# Kroot Merc List, first attempt at 2000pts.



## DestroyerHive (Dec 22, 2009)

*HQ*

Master Shaper
- Frag Grenades
- Power Weapon
- Hyperactive Nymune Organ
= 61 pts.

Prey Shaper
- Surfoot Charm
= 70 pts.

*Troops*

Carnivore Kindred
- 1 Shaper, Eviscerator
- 1 Krootox rider
- 18 Kroot
= 232 pts.

Carnivore Kindred
- 1 Shaper, Eviscerator
- 1 Krootox rider
- 18 Kroot
= 232 pts.

Carnivore Kindred
- 1 Shaper, Eviscerator
- 1 Krootox rider
- 18 Kroot
= 232 pts.

Baggage Great Knarloc
- 2 Great Knarlocs
- 5 Goads
= 100 pts.

*Elite*

Stalker Kindred
- 1 Shaper, Eviscerator
- 9 Kroot
- Hyperactive Nymune Organ
- Ambush
= 205 pts.

Stalker Kindred
- 1 Shaper, Eviscerator
- 9 Kroot
- Hyperactive Nymune Organ
- Ambush
= 205 pts.

*Fast Attack*
Kroot Hound Pack
- 1 Shaper, Eviscerator, Hyperactive Nymune Organ
- 9 Kroot, Hyperactive Nymune Organ
- 20 Hounds
= 240 pts. (This squad goes with the Master Shaper)

Knarloc Riders
- 6 Knarlocs
= 180 pts. (This squad goes with the Prey Shaper)

*Heavy Support*

Greater Knarloc Pack
- 3 Greater Knarlocs
- Great*er* Knarlocs
= 240 pts.


Total: 1997 pts.

Basically, my strategy is to infiltrate as close to the enemy as possible, and charge foward with my Master Shaper (large squad size makes for effective multi-assaults), Greater Knarlocs, and Baggage Knarlocs.
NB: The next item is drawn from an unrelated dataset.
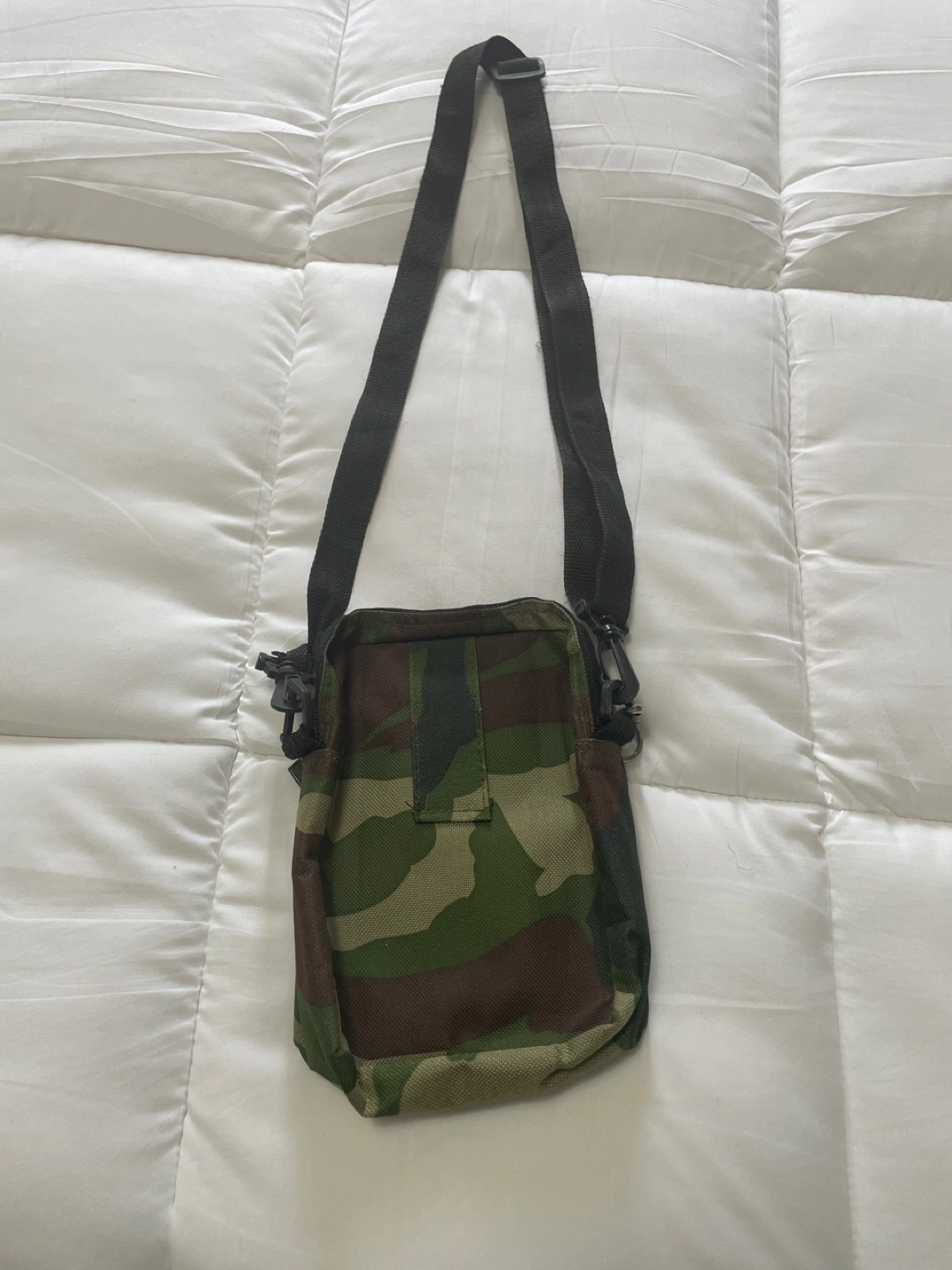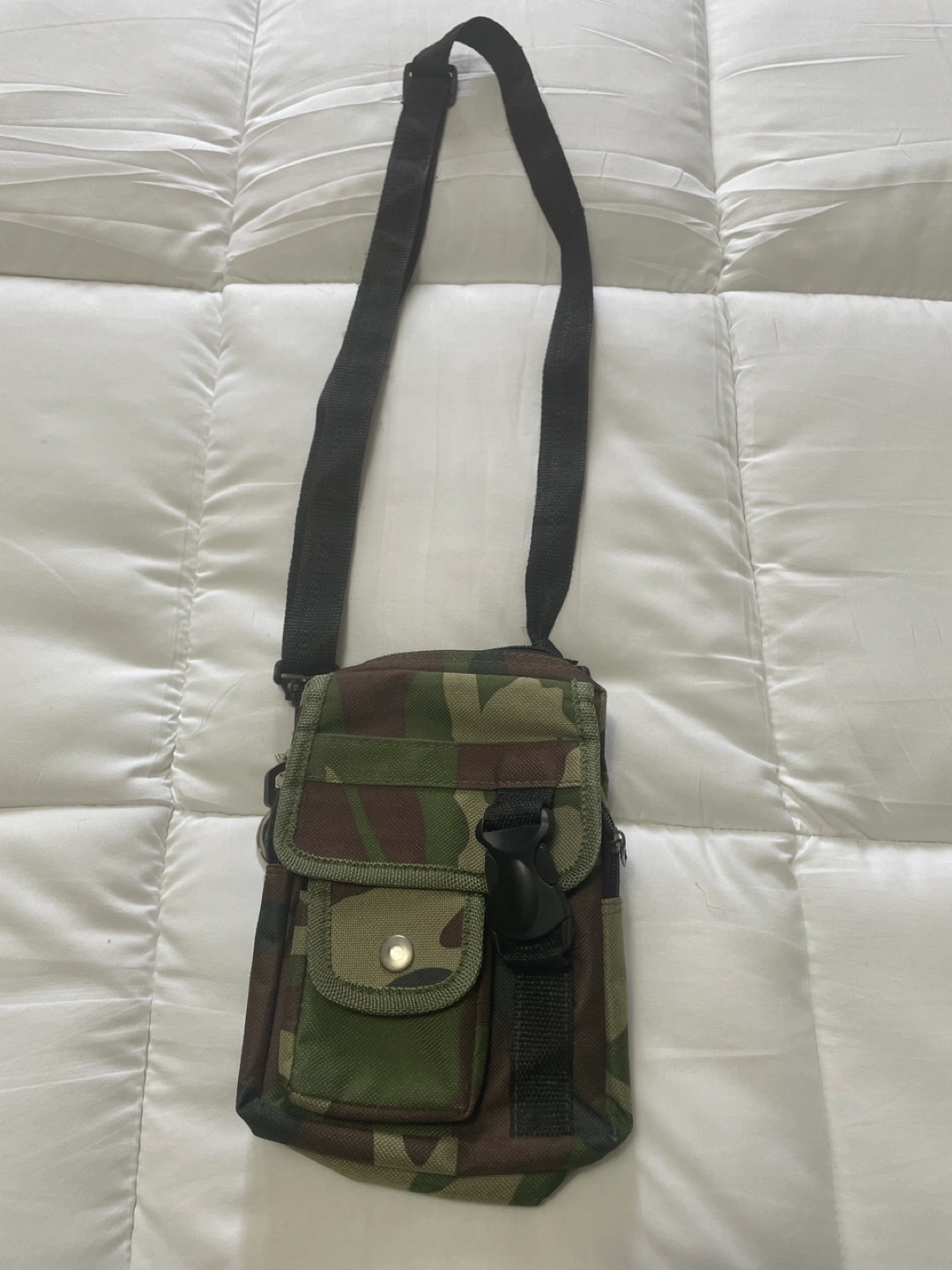 Small crossbody bag. Features a camouflage pattern, adjustable shoulder strap, zipper closure, and a small front pocket. Perfect for everyday use. Can be used by male or female.
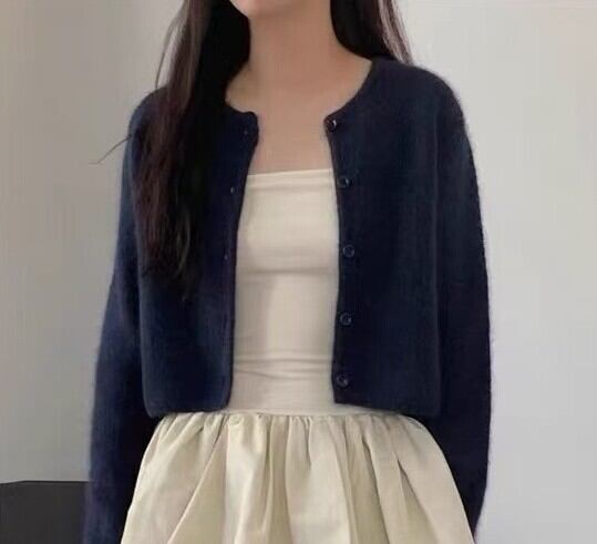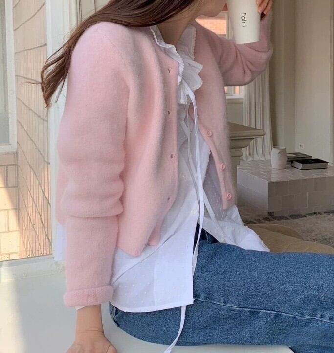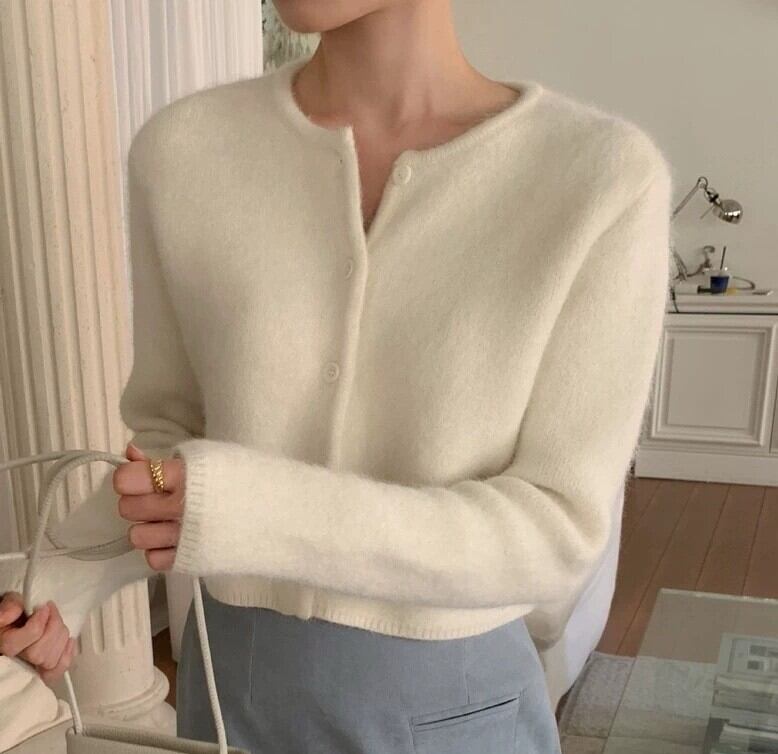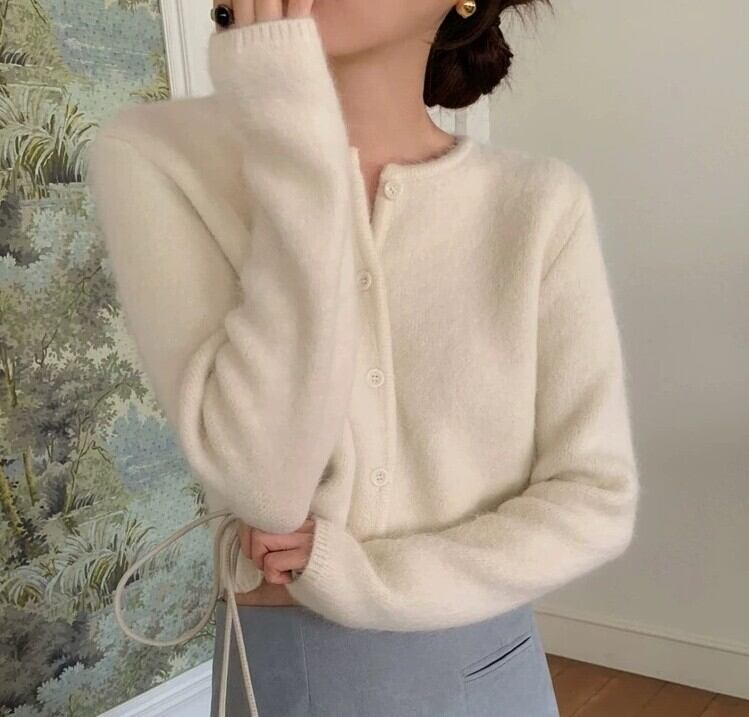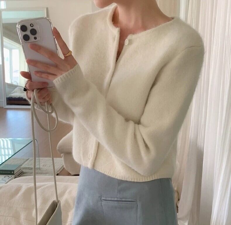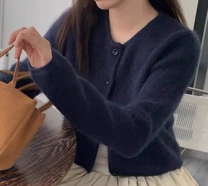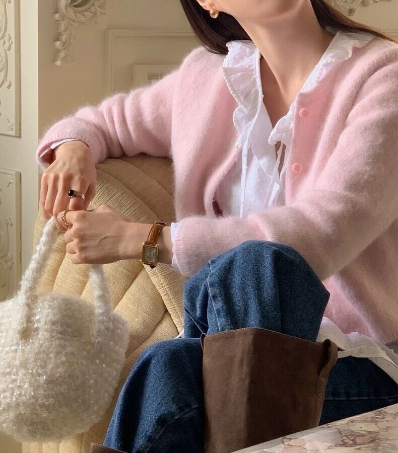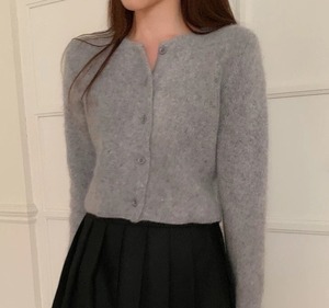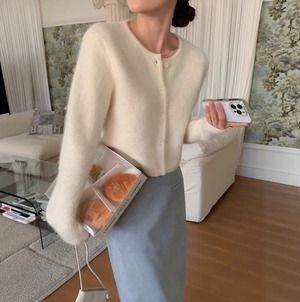 Single breast elegant fluffy knit cardigan ( 4color )

The stalker Kindred will apear via Ambush, and fleet towards the nearest vehicle or squad to destroy. The Carnivore Kindred will grab objectives and lay down a hail of fire, possibly getting into close combat if necessary.

I'm not taking any Signature Evolutionary Adaptations because I would prefer quantity over quality, and if I go up against MEQ with T4 Kroot, then it'll end up being a waste of points anyway.

Thanks in advance!
DH


----------